- [What to do]: Restate word for word the opening line of the data below and every line after it until the line with "Pacific herring (1)", that line too, but not the pictures.

━━━ Supplied information ━━━

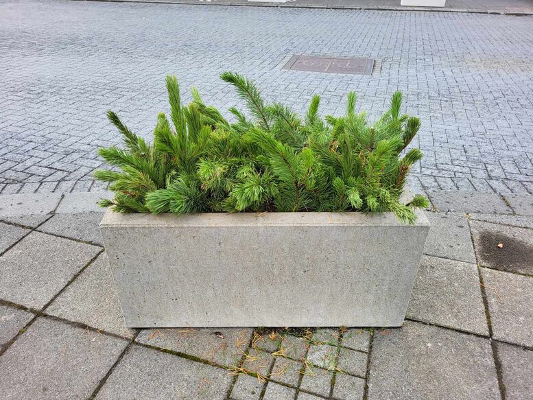 Beitilyng og furugreinar prýða nú blómaker bæjarins. Næsta vor spretta svo upp páskaliljur.
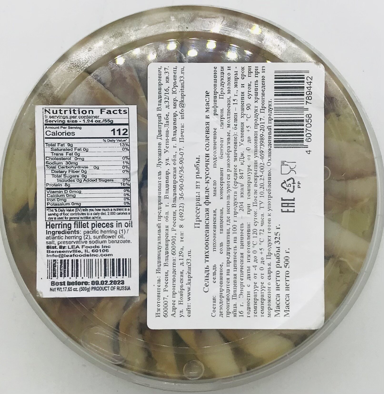 Pacific herring (1) Atlantic herring (2), sunflower oil, salt, preservative sodium benzoate.
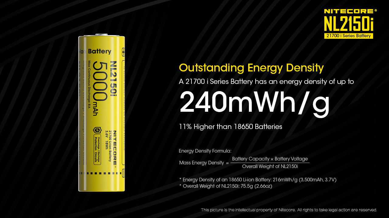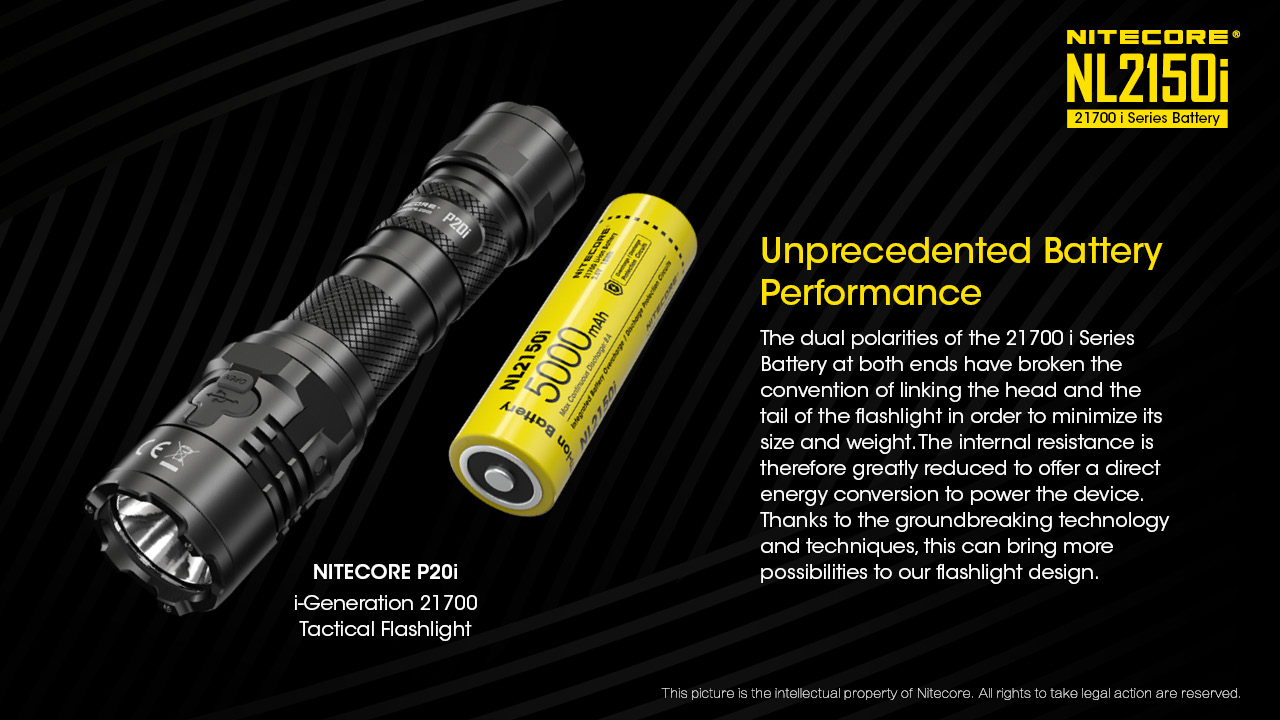 Επαναφορτιζόμενη μπαταρία 21700 της σειράς " i " με χωρητικότητα 5000mAh και ρεύμα αποφόρτισης 8Α.Η σειρά " I " των μπαταριών 21700 αποτελεί μία επαναστατική και Πανίσχυρη αναβάθμιση (Ευρεσιτεχνία Νο. ZL201820118916.0, US Patent pending)Οι μπαταρίες 21700i είναι ένα προϊόν ευρεσιτεχνίας που αναπτύχθηκε από την NITECORE επιτρέπουν την υψηλής απόδοσης παροχή ρεύματος μειώνοντας τις απώλειες από την εσωτερική αντίσταση.Διαθέτει σε κάθε της πλευρά και θετικό και αρνητικό πόλο, καθώς και υψηλή συγκέντρωση ενέργειας.Είναι συμβατή με προσαρμοζόμενα αξεσουάρ έξυπνων συστημάτων επικοινωνίας και ελέγχου.Οι μπαταρίες 21700i διαθέτουν ενεργειακή πυκνότητα που φθάνει έως και 240mWh/g 11% περισσότερο από τις μπαταρίες 18650.Η απόδοση της μπαταρίας δεν έχει προηγούμενο:η διπλή πολικότητα και στις δύο πλευρές των μπαταριών της σειράς 21700i έσπασε τον κανόνα της

━━━

- [Reply]:
 Beitilyng og furugreinar prýða nú blómaker bæjarins. Næsta vor spretta svo upp páskaliljur.
 Pacific herring (1) Atlantic herring (2), sunflower oil, salt, preservative sodium benzoate.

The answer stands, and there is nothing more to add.